(Stored data entries)
....

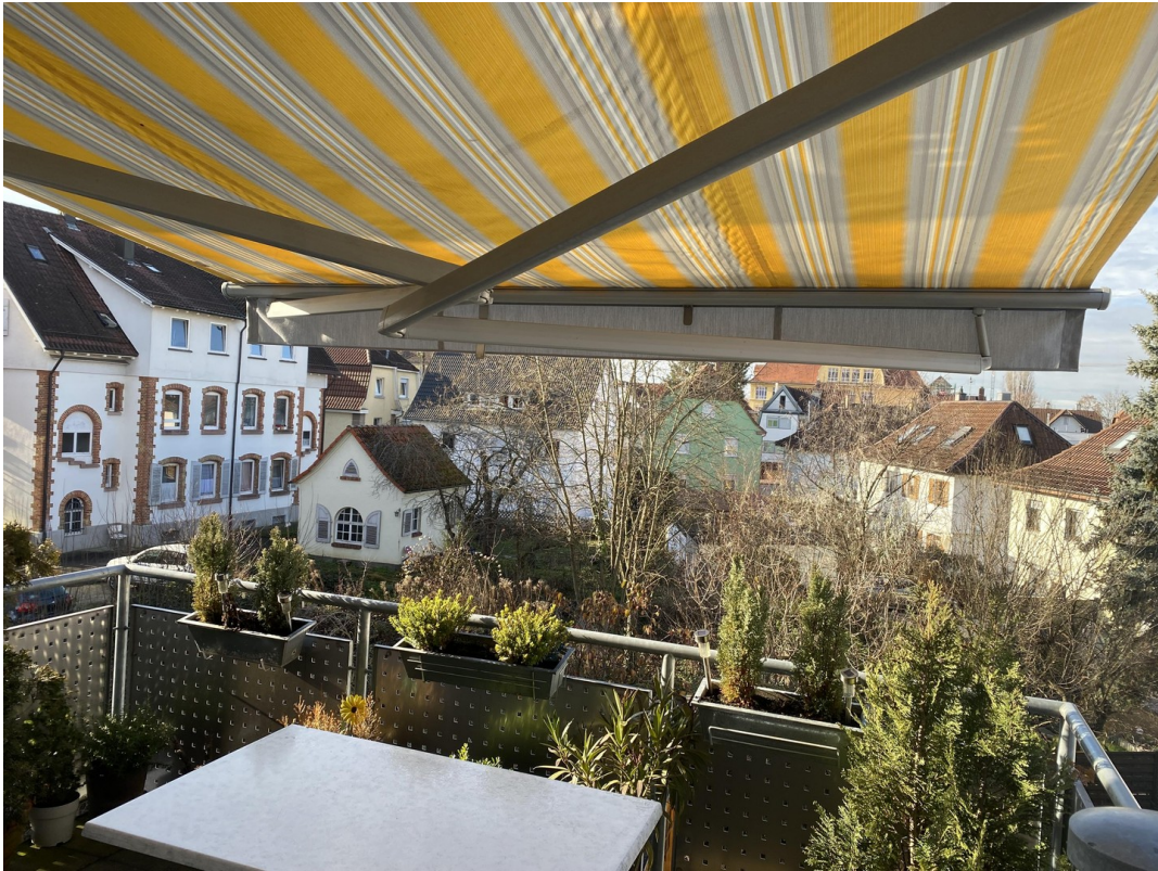
Balkon - elektrischer Markise
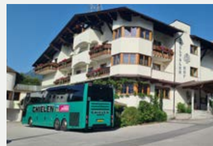
Panoramahotel Gurgtaler Hof

Wij hebben kamers gereserveerd in het bijzonder gastvrije *** Panoramahotel Gurgtaler Hof van de familie Happacher. Alle comfortabele kamers zijn voorzien van wc, douche of bad, balkon of terras, telefoon, televisie. Het hotel heeft een lobby, lift, gezellige bar, een sfeer vol restaurant, een mooie tuin met terras, een buitenbad en een sauna met infraroodcabine
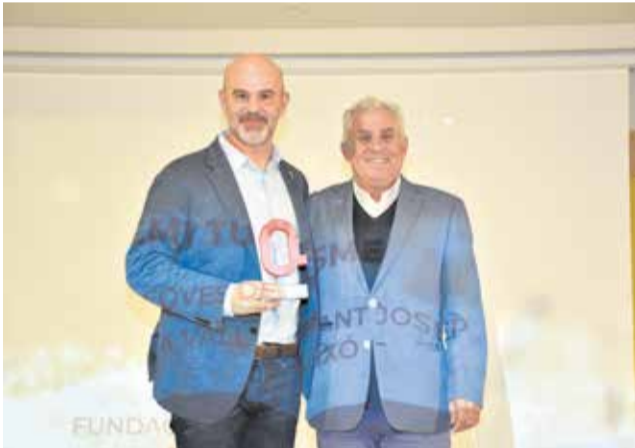
Premio Turismo a les Coves de Sant Josep. / P.G.
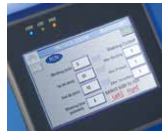
操作タッチパネル
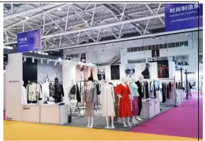
Taipei IN Style 攤位
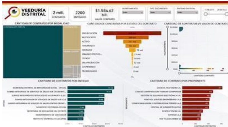
Figura 3. Diagrama de Gestión de información
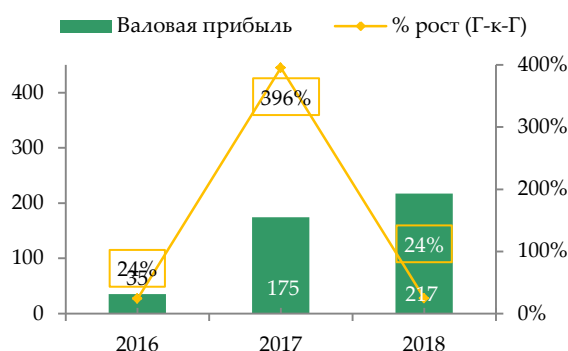
Валовая прибыль (в млрд. тенге)
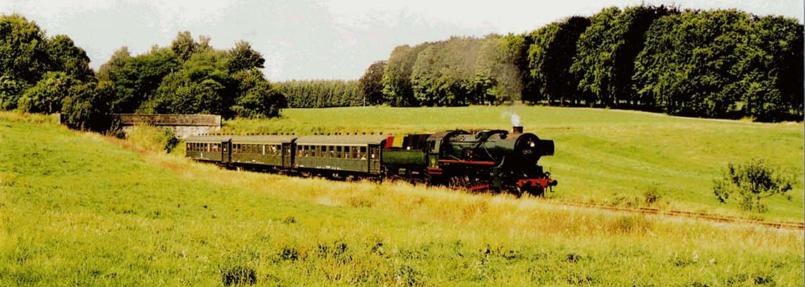
PHOTO 57-07 ↑ La 26.101, mise à l'honneur sur la ligne 128 les 20 et 21 juillet, défile entre Senenne et Braibant pour la fête nationale belge. Alain DEFECHEREUX, 21 juillet 2003.
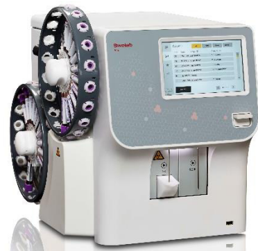
Swelab Alfa Plus Sampler BD AR
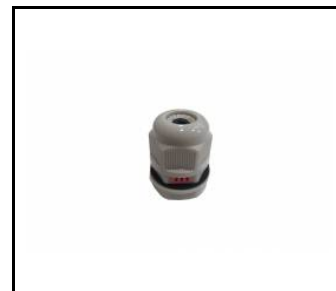
Divers presse-étoupe gris M20 * 1.5 IP68 (16000507)
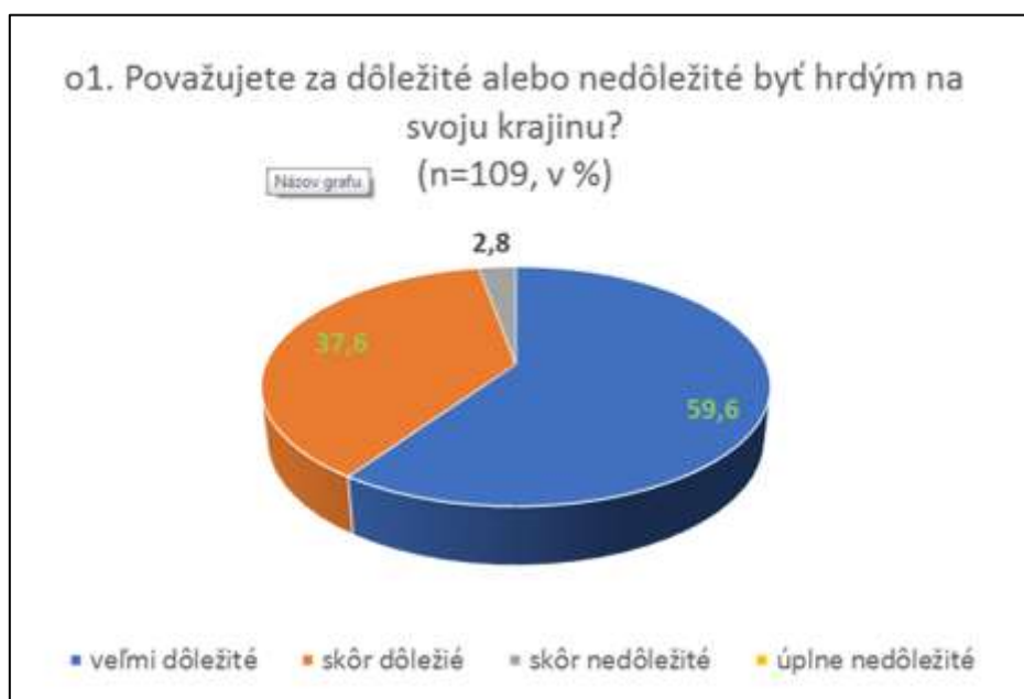
Obrázok 1: Výsledky prieskumu

Vzhľadom na fakt, že fenomén vlastenectva je spojený s emočnou stránkou, teda pocitmi hrdosti na svoju krajinu, u respondentov bolo zisťované do akej miery považujú tento pocit za dôležitý. Drvivá väčšina respondentov (97,2 %) pokladá za veľmi dôležité alebo skôr dôležité prechovávať hrdosť na svoju krajinu.
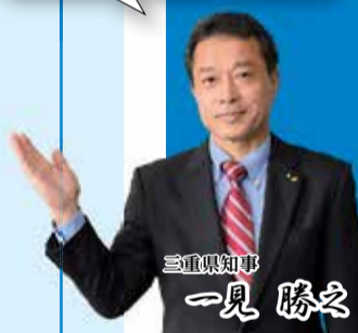
三重県知事 一見 勝之

県では2050年までに温室効果ガス排出実質ゼロをめざしています。子どもたちの未来のため、できることから取り組みましょう！

....

### ACTIVITY
Without the pictures, give again exactly the lines above starting at the line containing "Figura 3. Diagrama de Gestión de información" and ending at the line containing "Obrázok 1: Výsledky prieskumu".

### OUTPUT OF THE EXERCISE
Figura 3. Diagrama de Gestión de información
Валовая прибыль (в млрд. тенге)
PHOTO 57-07 ↑ La 26.101, mise à l'honneur sur la ligne 128 les 20 et 21 juillet, défile entre Senenne et Braibant pour la fête nationale belge. Alain DEFECHEREUX, 21 juillet 2003.
Swelab Alfa Plus Sampler BD AR
Divers presse-étoupe gris M20 * 1.5 IP68 (16000507)
Obrázok 1: Výsledky prieskumu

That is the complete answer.